# RIP Bali Blaze Betta...I'm so sorry



## Bettanewbie60 (Jun 26, 2012)

Bali died at 4:37 today...I buried him in my yard. I tried to help him..still don't know what happened.


----------



## toad (Jul 17, 2012)

I'm so sorry :'( 

Swim in Peace, little fishy! You will be missed! <3


----------



## RedRaz (Sep 12, 2012)

I'm so sorry! You did all you could for him. I'm sure he knew that. (((hugs))) Sending you Healing energy and strength.


----------



## lelei (Apr 30, 2012)

Oh, I am soo sorry, He had a loving owner who cared very much about him~ S~I~P Bali ~Under the Rainbow Bridge~You will be misssed.


----------



## dramaqueen (Jul 7, 2008)

I'm so sorry about Bali. He will be missed very much.


----------



## Bettanewbie60 (Jun 26, 2012)

dramaqueen said:


> I'm so sorry about Bali. He will be missed very much.


Thanks DQ...I cried tonight when I looked at my signature...sigh.


----------



## CandiceMM (Jul 15, 2012)

I am very sorry for your loss, I know what a special guy he was to you. I enjoyed trying to help you find a name for him "Booty Boy" lol..... Again I just want to say that I know your a great Betta mommy and you did all you could for him. Stay strong!!!


----------



## aqua001 (Jan 13, 2012)

Awwww...S.I.P Bali, may you swim in the warm waters under the rainbow bridge forever!


----------



## Bettanewbie60 (Jun 26, 2012)

aqua001 said:


> Awwww...S.I.P Bali, may you swim in the warm waters under the rainbow bridge forever!

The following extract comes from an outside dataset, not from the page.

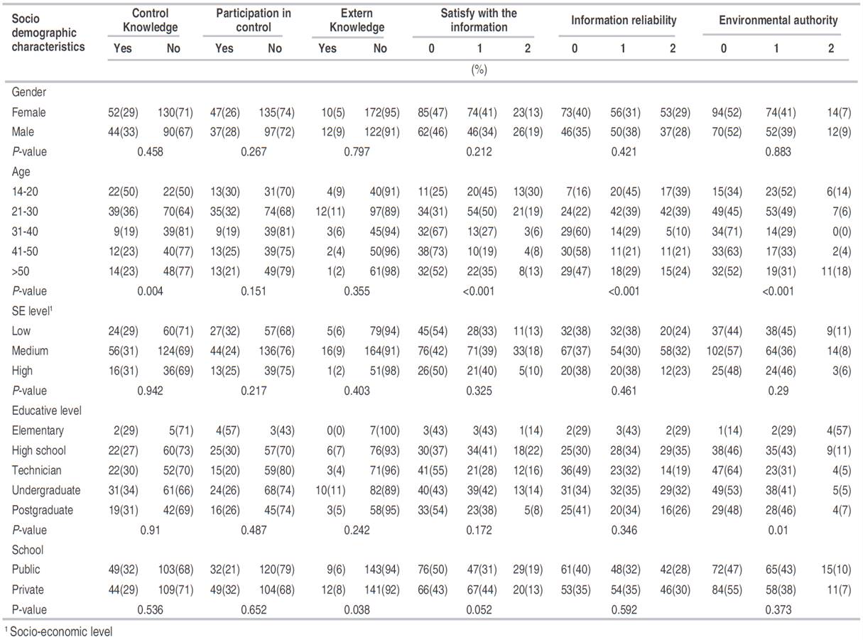Table 4: Relationship between socio-demographic characteristics and perception variables on control of A. fulica in the city of Cali. 0 (low), 1 (medium), 3 (high).

Thank you aqua...last week was a rough one..I lost Bali, and Bandit. We still aren't sure what happened in their shared tank, but it was really hard on me.


----------



## Perry the platypus (Aug 20, 2012)

I don't know what to say I'm shocked. I guess all I can say is I'm sorry. If I say anything more I might start yelled and never stop. You did all you can do for it. I'm so sorry.


----------



## Perry the platypus (Aug 20, 2012)

Bettanewbie60 said:


> Thanks DQ...I cried tonight when I looked at my signature...sigh.


I know how you feel...I lost 5 goldfish,a rottweiler,2 algae eaters,1 German shepherd,and 1 betta. I kept crying and never stopped.


----------